Éstos exhiben los juguetes que no tuvimos, las lindas condiscípulas que no nos dedicaron ni una sola mirada, los botes en que no remamos, la canción pegajosa que al final consiguió despertarnos.

Y allí nos esperaba un. nuevo escaparate, pero esta vez con muñecos rotos y sangre en las heridas.

23. Transparencias

Todo lo que es opaco fue antes transparente: el odio, la lascivia, la pasión, el fanatismo, la gula. Cada opacidad carga con su fantasma, vale decir con su transparencia. Los pensamientos pueden ser opacos, pero los sentimientos casi siempre son diáfanos.

La transparencia no siempre es una ventaja. Hay hechos que al volverse transparentes descubren su intención primaria y ésta puede ser salvaje, despiadada. Hay rostros tan transparentes que ni el espejo puede opacarlos. Y hay miradas traslúcidas que revelan un desvarío interior, ese que vino con los genes y no tiene remedio. También las religiones, cuando son transparentes, revelan que sus dioses son opacos.

La lluvia es transparente; la nieve, en cambio, es opaca. Entre otras lluvias, el llanto es transparente, pero ahí están los párpados para hacerlo opaco.
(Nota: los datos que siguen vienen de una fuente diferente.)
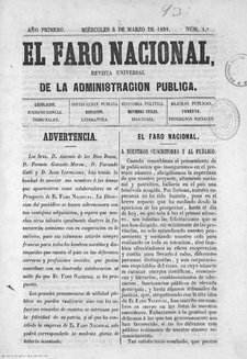 Fue una de las publicaciones más representativas de la época isabelina, en cuanto a contenidos y estilos. Fundada por Francisco Pareja de Alarcón se trató de una larga publicación que varió en muchas ocasiones de subtítulo. Las relaciones políticas y profesionales de Pareja explican el talante conservador y corporativista de la publicación, como se ha escrito. En general, no destaca por la calidad de su contenido de artículos doctrinales, sino por ser un buen ejemplo de revista como medio de circulación de materiales jurídicos, de promoción de intereses corporativos y, al comienzo, con un propósito de fortalecer la Administración en vías de consolidarse. Desde sus inicios habló de las misiones «patrióticas» de la prensa, y de principios como «moralidad, ilustración y trabajo» como guía editorial. Así, se publicación las partes típicas de una revista de este estilo tales como índices cronológicos de los Reales Decretos y Órdenes Generales insertados en la sección oficial, dividida en cada uno de los Ministerios –Ultramar, Fomento, Gracia y Justicia, Guerra, Hacienda–, la sección de crónica de tribunales con decisiones del Tribunal Supremo y del Consejo de Real, éste último centrado en resolver competencias entre administración y autoridad judicial o decidir las autorizaciones para procesar a alcaldes y otros funcionarios, y una sección de consultas. Republicó textos doctrinales de otras revistas. Un balance global de “El Faro Nacional” deja materiales relevantes para cualquier objeto de pesquisa sobre la cultura jurídica isabelina. Aunque tuvo seis épocas, todas mantuvieron un carácter semejante. En su momento participaron corporaciones como el Colegio de Abogados de Madrid, la Real Academia de Jurisprudencia y Legislación y la Sociedad de Socorros Mutuos de Jurisconsultos.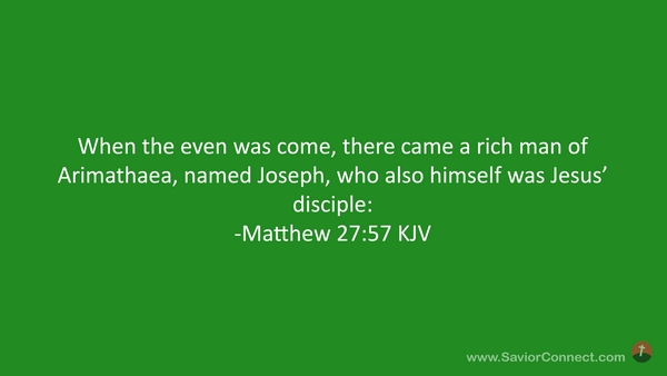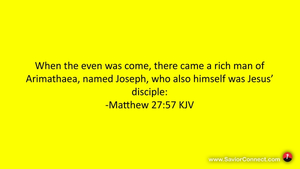 When the even was come, there came a rich man of Arimathaea, named Joseph, who also himself was Jesus' disciple: -Matthew 27:57 KJV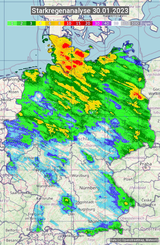Die Starkregenanalyse zeigt die 24h-Niederschlagssumme am 30.01.2023. Sie basiert auf Radardaten vom Deutschen Wetterdienst in Kombination mit Wetterstationsbeobachtungen.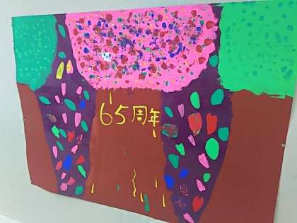 造形クラブの子どもたちが、創立65周年をお祝いするポスターを作ってくれました。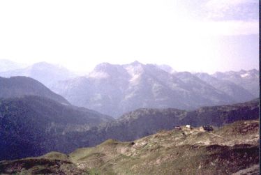 Doch es begann zu regnen und ich nehm meine Füsse in die Hände und erreichte das trockene Auto in nur 15 Min. Dort winkte ich noch einem älteren Bergteiger zu, der die Tour ebenfalls abbrach. Im Auto überlegte ich mir was ich mit diesem Tag wohl anfangen soll, so weit von zu Hause weg, allein und verlassen. Doch Gott erhörte mich und der Himmel riss in einem Tempo auf, wie ich es sonst nur aus Zeitraffern im Fernsehen gewohnt bin. Voll Freude über diesen Wink von Gott hüpfte ich nocheinmal um 8.00 Uhr vorbei an zwei Steinbrucharbeitern hinauf zur "Unteren Wiesalpe". In Windeseile vorbei an der "Inneren Wiesalpe" entlang des Baches. In meinem gegenwertigem Adrenalinstoss konnte ich es nicht erwarten, die "Fluchtalpe" zu erreichen, aber sie kam und kam nicht, doch die nächste Biegung gab die Hütte frei. Mit leichten Ermüdungserscheinungen lief ich weiter zur "Hinteren Wildenalpe". Doch mein hohes Anfangstempo wurde mir zum Verhängnis und so kam der erste Wadenkrapf, den ich mit einer kurzen Rast und etwas Eistee überwand. Und wie immer nach ca. 2 Std. sprach der Schweinehund auf meiner Schulter zu mir: "Warum machst du da hier eigentlich. Könntest es so schön haben und dich nicht abquälen." Aber ich wusste es gab nur einen Grund hierfür (der wird aber aus datenschutzrechtlichen Gründen hier nicht genannt). Also wanderte ich weiter um die Kemptner Scharte zu erlangen. Doch diese wollte nicht kommen, obwohl ich vor jeder Rechtsbiegung hoffte, dass sie kommt. Dies war aber erst nach ca. 6 Rechtskurven der Fall und so erreichte ich sie um 11.00 Uhr völlig erschöpt und mit Schmerzen in meinen Waden.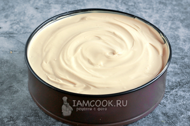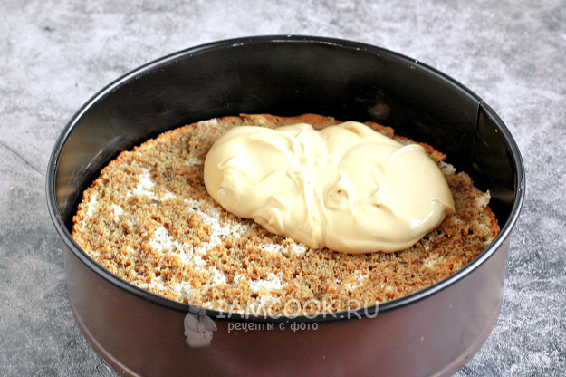 Собирайте торт в кольце, чтобы он не заваливался на бок. Разместите в кольце первый корж, пропитайте его сиропом, затем выложите крем и разровняйте. Поступите так со всеми коржами. Я пропитывала только самый толстый нижний корж.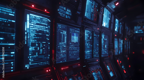 © Thiago, Obraz premium Futuristic sci-fi hallway interior with computer and monitor screen on wall, 3d rendering. Spaceship Interior. Illustration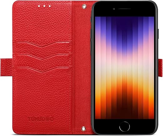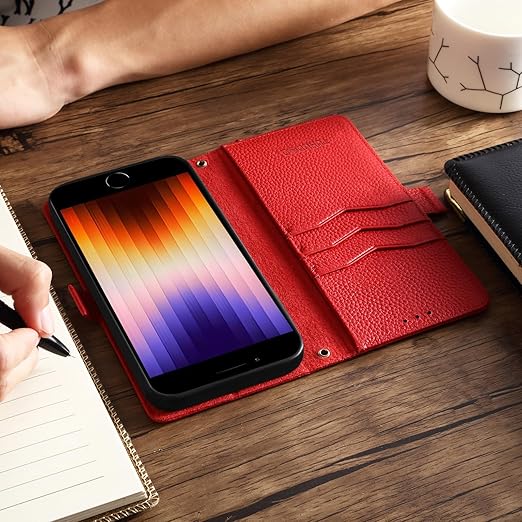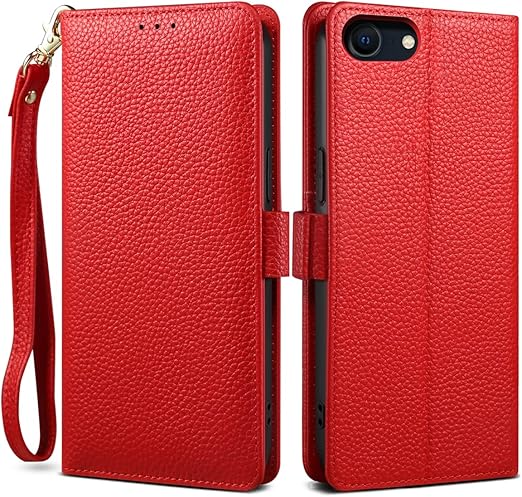 【 2023 新登場! 高級シュリンクカーフレザー】iPhone SE(第3世代)ケース iPhone SE(第2世代)ケース iPhone 8ケース 手帳型 本革 牛革 カード収納 サイドマグネット式 横置きスタンド機能付き 上下にストラップホール付き ストラップ付 柔軟なTPU素材 耐衝撃 全面保護[Noble Series](iPhone SE(第3、2世代)/8兼用、レッド) a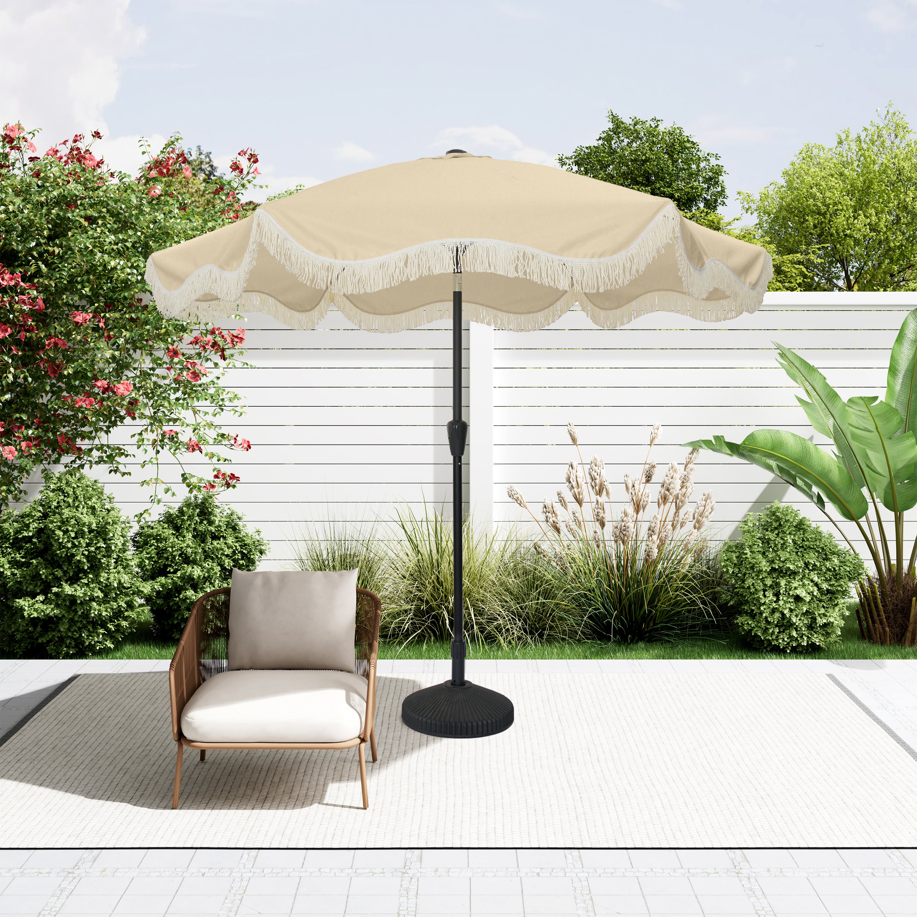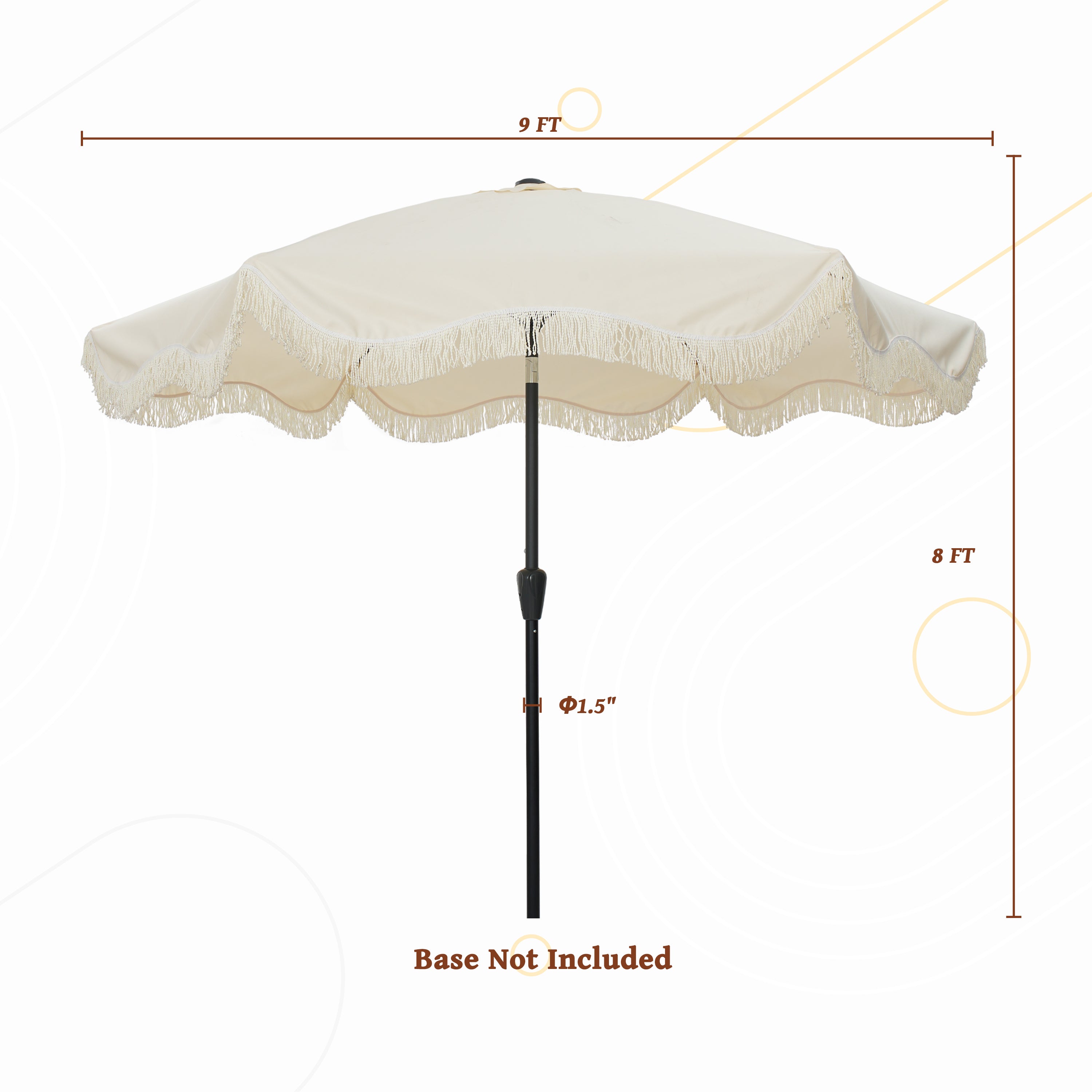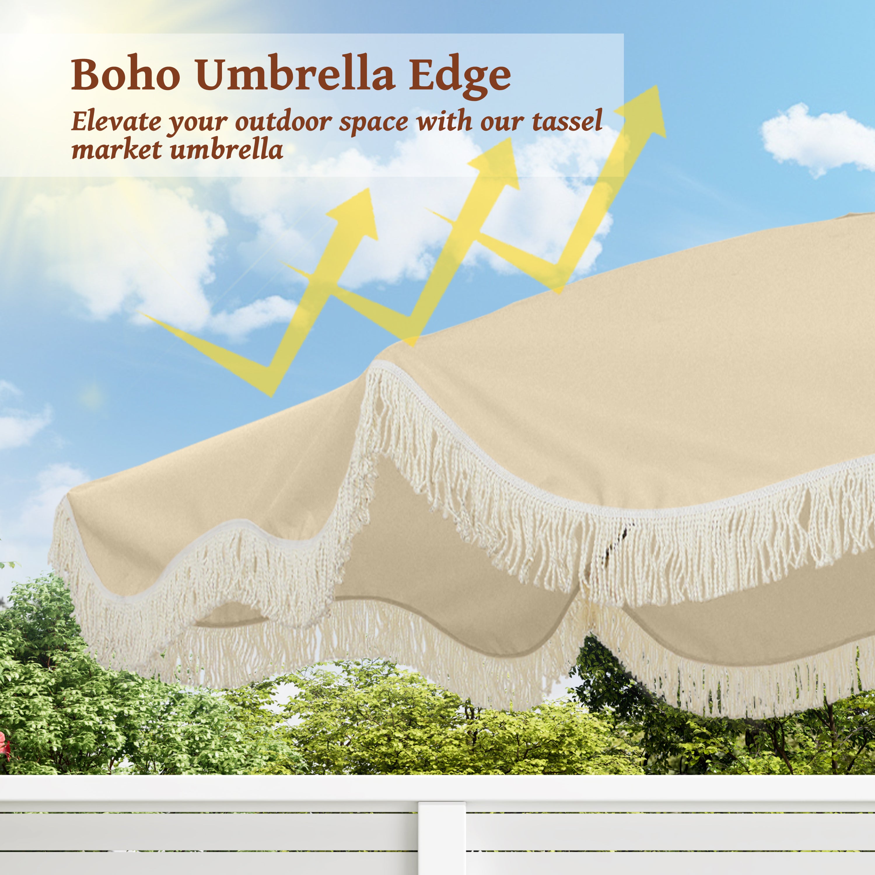 9 FT Tassel Market Patio Umbrella with Full Fiberglass Rib in Cream/Beige/Tan

Hay poetas que vieron pasar «al animal del llanto», pero no se sabe si después resbalaron en sus lágrimas.

Aunque nadie lo dice, entre lo opaco y lo transparente, suele aparecer una valla sutil, llamada ser humano.

24. Apagón

Hace tres o cuatro noches, en plena tormenta cayó un rayo, una furibunda centella que dejó a toda la ciudad a oscuras. Nadie recuerda un apagón tan absoluto. Ni siquiera veíamos nuestras manos, ni mucho menos las manos de los otros. Quedamos inmóviles y desorientados, ignorando si aquello era un cataclismo o simplemente un bostezo de Dios.

Al menos, en la oscuridad se aprende algo. Particularmente se valora la importancia de la luz, la bienaventuranza del sol, la bendición de la electricidad. La televisión, la computadora, el refrigerador, se llaman a silencio, y todos regresamos a un pasado remoto, no importa si con los ojos abiertos o cerrados.